Blog | CFO Dynamics

Working Capital Explained Simply

Written by Team CFO Dynamics | Feb 27, 2024

What is Working Capital?

Working capital the difference between current assets and current liabilities. It serves as a benchmark to gauge a business's cash requirements for growth and day-to-day operations. 

It represents how easily your business can cover its short-term expenses and obligations, shows how efficiently it operates, and gives a snapshot of your current financial health.

It's important because it helps you understand how much cash your business needs for growth. The lower your working capital percentage (also known as working capital ratio), the less cash your business needs to grow. The higher it is, the more challenging it will be to fund growth. The bigger the gap between your working capital percentage and gross profit percentage, the easier it is for your business to grow.

In this article:

Working capital summarised in 5 sentences
Working capital explained simply

How to calculate working capital
→ Why is GP such is a crucial number?
→ The exact gross profit benchmark to aim for
Factors that influence working capital 

In Short: Working Capital

  • Working capital is crucial for understanding a business's cash needs.
  • To calculate working capital, sum your debtors plus your stock plus your work in progress (if you have any), minus your creditors.
  • The ideal working capital percentage varies by industry but generally should be 20% or lower. This ensures sufficient liquidity while maintaining good relationships with suppliers. 
  • Factors that influence working capital include debtor management, stock levels and creditor terms.
  • Businesses can influence working capital by handling the money owed to them wisely, optimising how much stock they keep on hand, and maintaining a balance with the terms they have with their suppliers.

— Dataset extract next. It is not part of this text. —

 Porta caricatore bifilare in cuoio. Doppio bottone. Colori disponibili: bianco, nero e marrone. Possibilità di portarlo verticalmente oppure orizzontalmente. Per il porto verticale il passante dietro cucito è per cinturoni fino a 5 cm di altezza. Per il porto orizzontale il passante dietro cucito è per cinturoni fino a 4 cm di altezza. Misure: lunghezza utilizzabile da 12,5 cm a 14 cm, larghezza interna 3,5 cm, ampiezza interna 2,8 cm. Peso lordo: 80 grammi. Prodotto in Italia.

Working Capital Explained Simply

Working capital is your debtors plus your stock, plus your work in progress if you have any, minus your creditors equals working capital. Working capital percentage is looking at your working capital divided by your annualised revenue to give you a percentage of how much working capital you'll need versus the revenue that you are producing.

“Working capital is your debtors plus your stock, plus your work in progress if you have any, minus your creditors.

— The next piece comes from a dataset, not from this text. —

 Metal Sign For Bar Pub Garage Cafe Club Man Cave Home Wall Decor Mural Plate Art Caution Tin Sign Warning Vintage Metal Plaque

Working capital percentage is looking at your working capital divided by your annualised revenue to give you a percentage of how much working capital you'll need versus the revenue that you are producing.

Why is working capital important?

The reason this number is so important is this is going to be a benchmark to understand how much cash your business needs to grow. The lower your working capital percentage, the less cash your business will need to grow.

Working capital benchmarks to aim for

What we aim for from a working capital perspective will be different in industry and by business, but as a broad benchmark, you ideally want your working capital percentage to be 20% and below while still keeping a good relationship with your suppliers.

To use an example like a supermarket that's very large in nature, they'll have no debtors. They'll have relatively small stock in comparison to their days' creditors. That means that they'll end up with a negative working capital percentage, but despite all their commercials, they probably don't have a great relationship with their suppliers.

For us, in the privately owned business sphere, it's important to have good relationships with our suppliers, hence having that working capital percentage, we ideally want it 20% and below. If we've got our working capital percentage at 25% and above, that is when things become more challenging from a funding our growth perspective.

The metric around working capital versus gross profit is going to be a key factor in our growth. The bigger the gap between the gross profit percentage and the working capital percentage, the easier it is for our business to grow, where we want gross profit to be the higher of those two numbers.

How do you influence working capital?

Let's look at all the different factors. Firstly, debtors, the people who we've sold to on credit that owe us money, the quicker that we can get them to pay us or even get deposits from people, that reduces our debtor obligations.

Moving to our stock and our work in progress. How do we manage our stock so that we can use the Goldilocks principle of having just the right amount of stock to meet demand, but not too much of an impost on our cash?

Also, balancing our creditors. We want to keep our creditors managed so that if someone gives us terms, we utilise those terms. There's a whole lot of theory that goes into looking after your suppliers, which I completely agree with, but for this video, we'll assume we pay them on their terms.

What influences working capital percentage?

Then to influence the percentage: further to those factors we just talked about is how do I increase my revenue? How can I increase my revenue at a disproportionate rate to what I increase my working capital? If I can increase my revenue by 20%, but only increase my working capital by 10%, that is a winning equation for this formula and for my business.